В поисках «полезного прошлого». Биография как жанр в 1917–1937 годах - Анджела Бринтлингер
Затем Вересаев приводит длинную цитату из «Зимнего вечера»:
Наша ветхая лачужка
И печальна, и темна;
Что же ты, моя старушка,
Приумолкла у окна?
Или бури завываньем
Ты, мой друг, утомлена,
Или дремлешь под жужжаньем
Своего веретена?
Выпьем, добрая подружка
Бедной юности моей!
Выпьем с горя; где же кружка?
Сердцу будет веселей!
[Вересаев 1996: 71].
Превращая содержание стихотворения в жизненный эпизод, Вересаев описывал биографические сцены так, будто они служили непосредственным источником материала для поэзии Пушкина. В биографии он «ставил» происходившую в Михайловском сцену с участием Пушкина и няни, то есть делал именно то, чего хотел избежать Булгаков в их совместной пьесе.

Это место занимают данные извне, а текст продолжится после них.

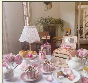
撮影スポットとして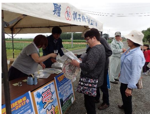
受付でパンフをどうぞ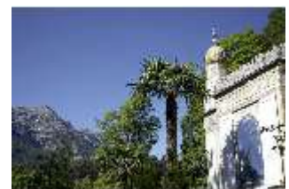
Lin.I, Maurischer Kiosk, Palmen, DI005517, BSV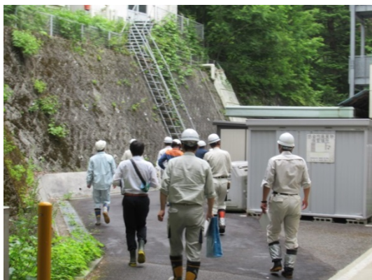
安全確認などの打合せを行い点検箇所へ向かいます。

点検は4市町村、26箇所で行われ、結果は指摘箇所0箇所、定期監視必要箇所12箇所でした。6月29日のパトロールの様子はNHK長野放送局のニュースで放送されました。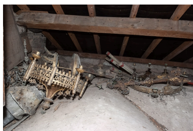
Objets mobiliers déposés dans les combles.

Этот фрагмент странным образом сочетает сухой энциклопедический стиль, авторские драматические ремарки и типичную «романизированную биографию». В предлагаемой Вересаевым интерпретации нет ничего неправдоподобного: «Зимний вечер» был действительно написан в Михайловском, где Пушкину и Арине Родионовне доводилось проводить вечера вдвоем и, возможно, даже пить крепкие напитки, чтобы прогнать скуку и зимний холод. Разворачивая стихотворение в сцену, Вересаев не нарушал правил создания документальной биографии или художественно-биографической прозы. Однако Булгаков не хотел участвовать в подобной романизации пушкинской жизни; он находил для стихов поэта другое предназначение. Вересаев, напротив, использовал стихи именно для того, чтобы через них показать жизнь Пушкина: парадоксальный подход для автора, который разделял биографию Пушкина на «два плана» и искал в ней «живую жизнь».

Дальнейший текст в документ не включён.